Task goal:
From the entries below, output the line with "光电制造学院团总支书记薛玉杰老师宣读大会总监票人、计票人名单(草案)。" and each following line up to and including the line with "Pop-Up Champagne Bar, Váci", exactly as written.

Records provided:
········
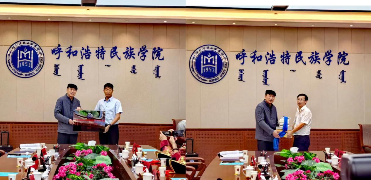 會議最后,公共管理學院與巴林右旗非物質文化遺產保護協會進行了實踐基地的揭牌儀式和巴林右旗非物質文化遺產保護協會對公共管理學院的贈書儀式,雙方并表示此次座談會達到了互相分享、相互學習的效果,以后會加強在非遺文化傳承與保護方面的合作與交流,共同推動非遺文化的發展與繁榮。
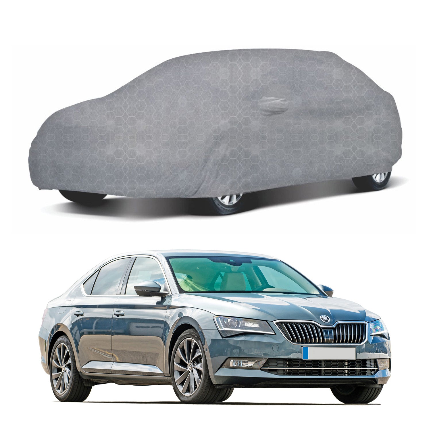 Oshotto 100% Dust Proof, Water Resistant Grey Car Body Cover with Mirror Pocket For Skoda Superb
········
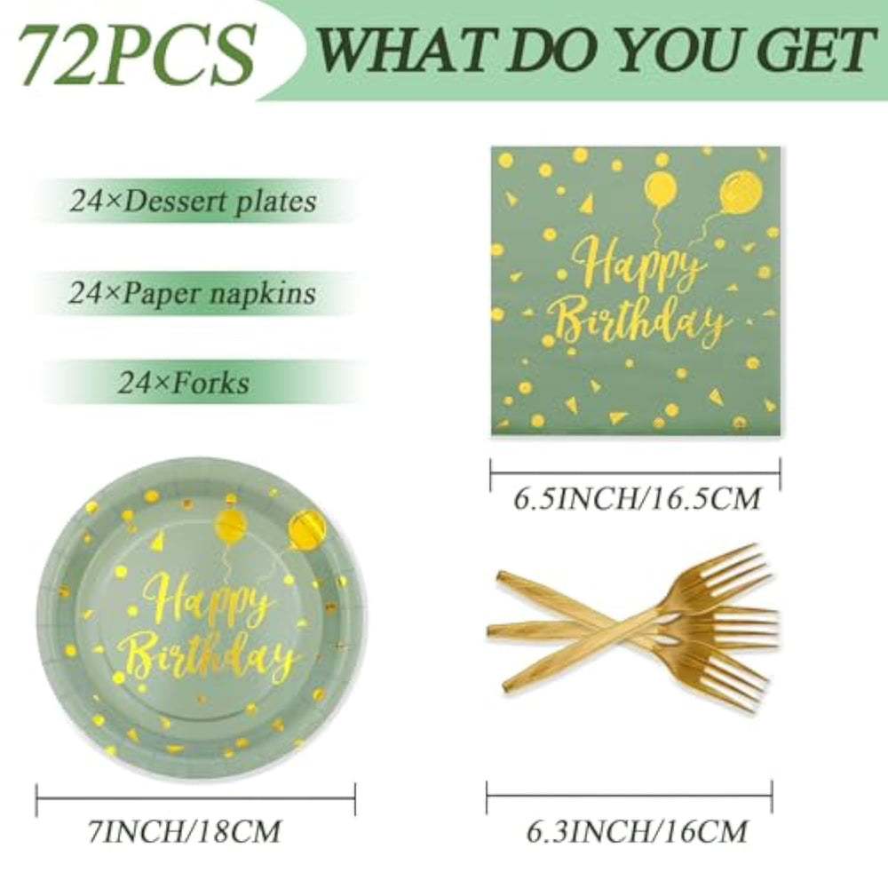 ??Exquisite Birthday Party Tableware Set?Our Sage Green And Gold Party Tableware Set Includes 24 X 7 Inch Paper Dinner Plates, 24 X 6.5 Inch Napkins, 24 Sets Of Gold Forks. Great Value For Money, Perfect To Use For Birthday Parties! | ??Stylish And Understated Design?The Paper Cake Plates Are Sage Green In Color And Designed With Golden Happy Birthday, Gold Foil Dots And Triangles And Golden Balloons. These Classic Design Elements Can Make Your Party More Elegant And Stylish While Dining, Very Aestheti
········
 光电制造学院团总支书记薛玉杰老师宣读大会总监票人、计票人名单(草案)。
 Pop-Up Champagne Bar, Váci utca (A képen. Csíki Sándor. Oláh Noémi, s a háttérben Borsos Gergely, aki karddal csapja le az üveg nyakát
········
Exercise result:
 光电制造学院团总支书记薛玉杰老师宣读大会总监票人、计票人名单(草案)。
 Pop-Up Champagne Bar, Váci utca (A képen. Csíki Sándor. Oláh Noémi, s a háttérben Borsos Gergely, aki karddal csapja le az üveg nyakát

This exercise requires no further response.